> Description of the task: Return the listing below unchanged, minus its pictures.

> Supplied information:

________________________

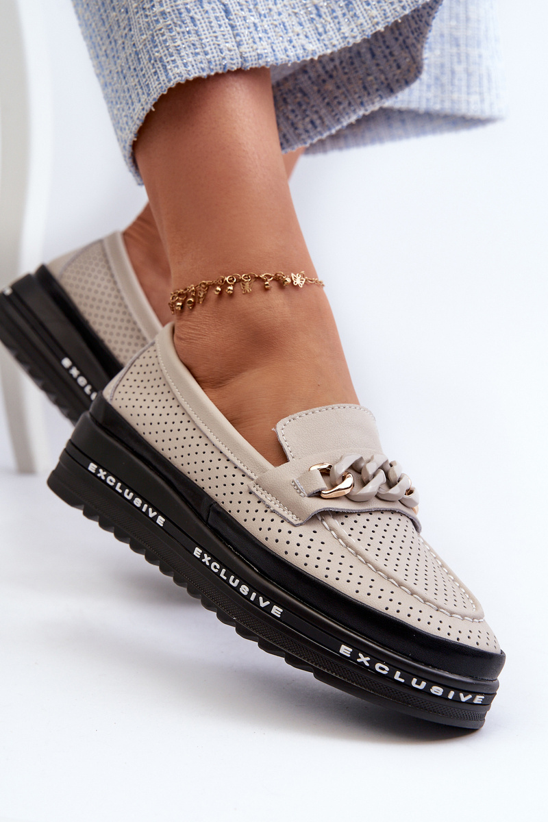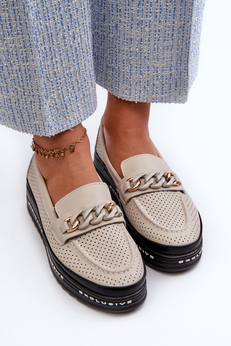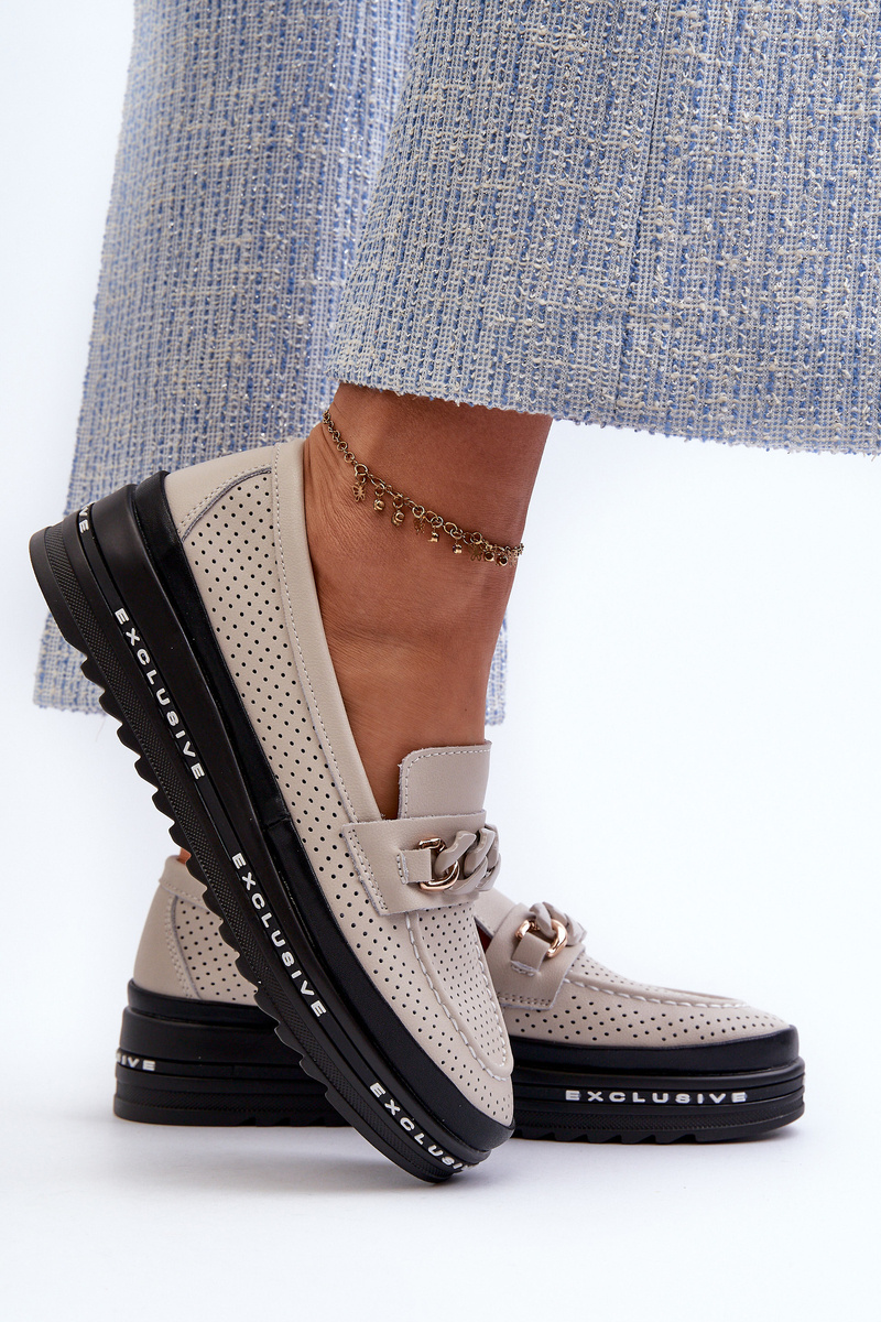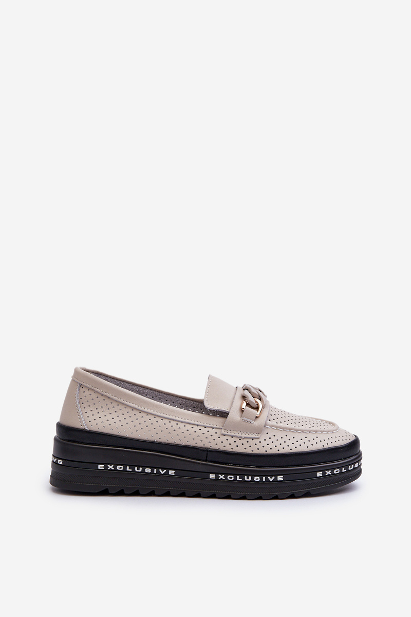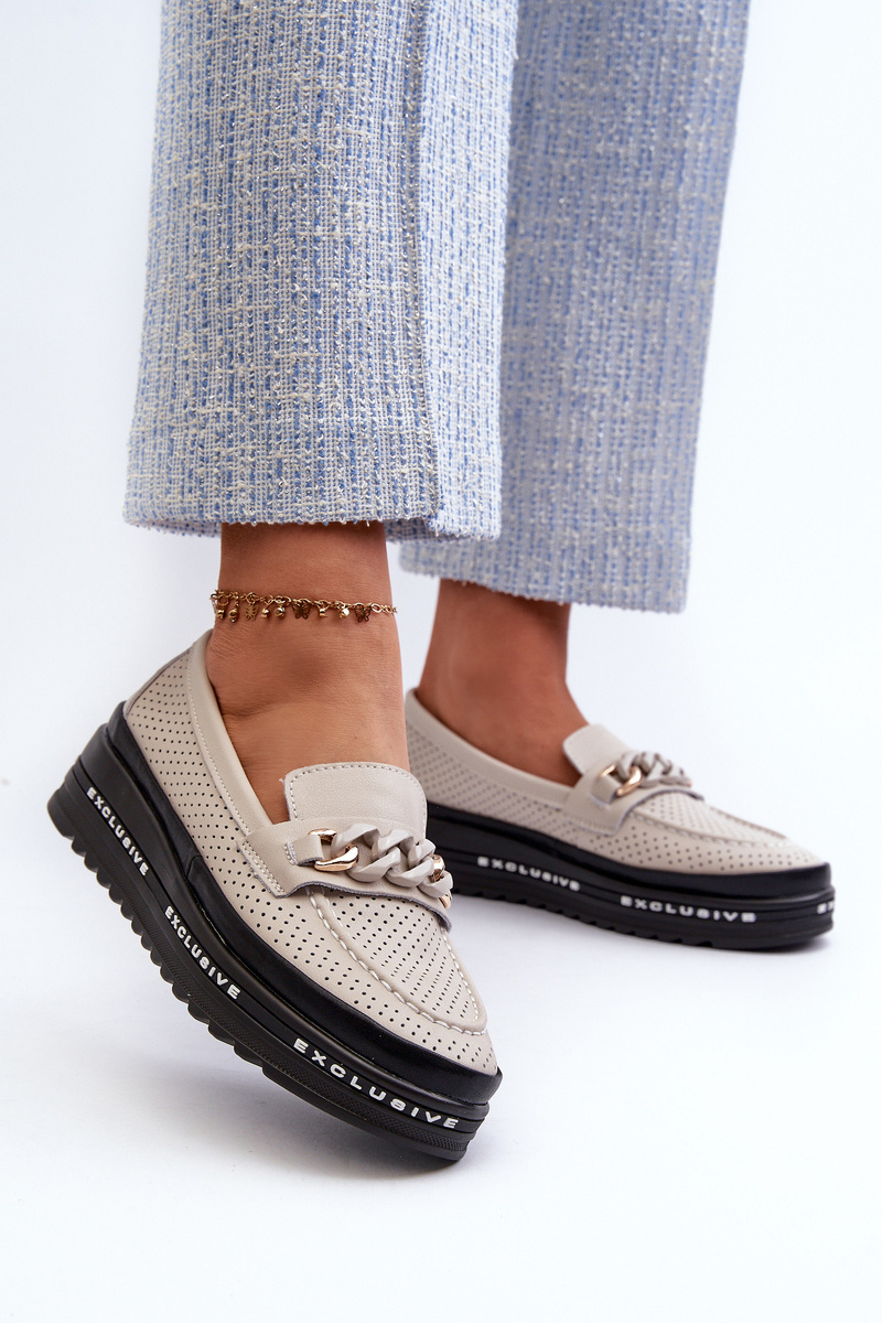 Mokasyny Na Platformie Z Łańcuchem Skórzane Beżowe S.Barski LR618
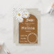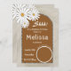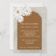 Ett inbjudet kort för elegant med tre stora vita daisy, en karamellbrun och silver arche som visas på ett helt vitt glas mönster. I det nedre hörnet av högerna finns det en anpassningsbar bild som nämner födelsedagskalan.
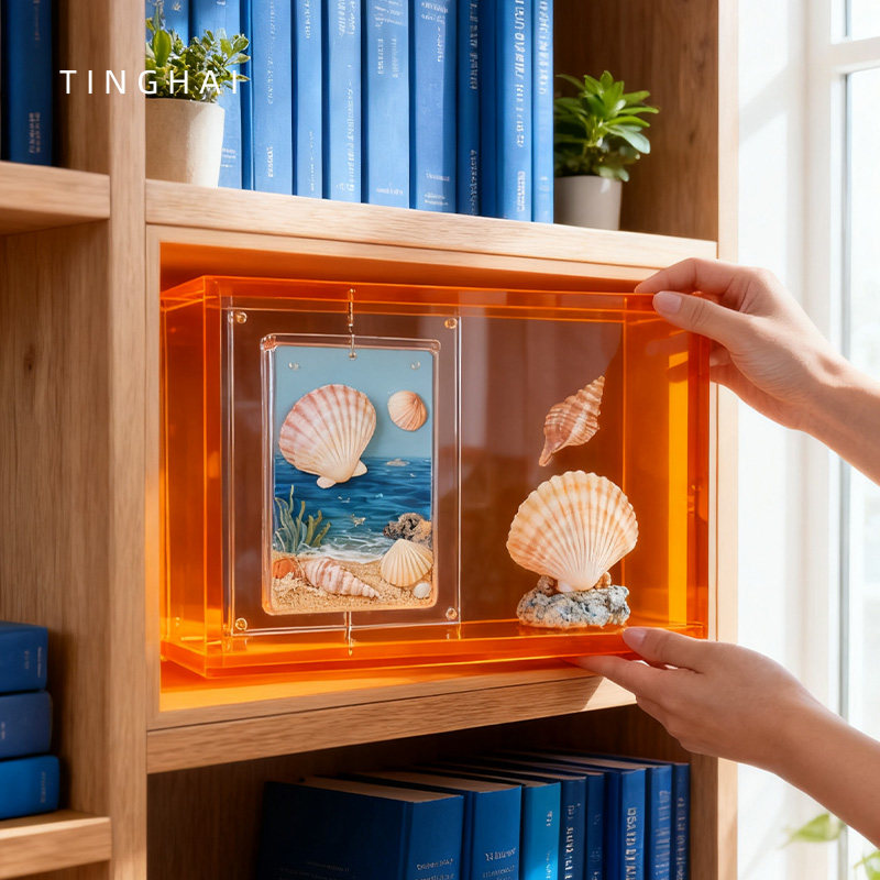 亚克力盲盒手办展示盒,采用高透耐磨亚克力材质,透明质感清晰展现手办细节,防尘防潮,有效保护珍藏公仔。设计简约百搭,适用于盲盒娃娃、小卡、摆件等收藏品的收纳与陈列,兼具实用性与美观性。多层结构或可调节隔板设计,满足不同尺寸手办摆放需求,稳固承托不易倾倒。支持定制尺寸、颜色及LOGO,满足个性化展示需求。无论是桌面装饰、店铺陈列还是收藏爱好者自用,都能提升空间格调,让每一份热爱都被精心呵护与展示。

________________________

> Problem solution:
 Mokasyny Na Platformie Z Łańcuchem Skórzane Beżowe S.Barski LR618
 Ett inbjudet kort för elegant med tre stora vita daisy, en karamellbrun och silver arche som visas på ett helt vitt glas mönster. I det nedre hörnet av högerna finns det en anpassningsbar bild som nämner födelsedagskalan.
 亚克力盲盒手办展示盒,采用高透耐磨亚克力材质,透明质感清晰展现手办细节,防尘防潮,有效保护珍藏公仔。设计简约百搭,适用于盲盒娃娃、小卡、摆件等收藏品的收纳与陈列,兼具实用性与美观性。多层结构或可调节隔板设计,满足不同尺寸手办摆放需求,稳固承托不易倾倒。支持定制尺寸、颜色及LOGO,满足个性化展示需求。无论是桌面装饰、店铺陈列还是收藏爱好者自用,都能提升空间格调,让每一份热爱都被精心呵护与展示。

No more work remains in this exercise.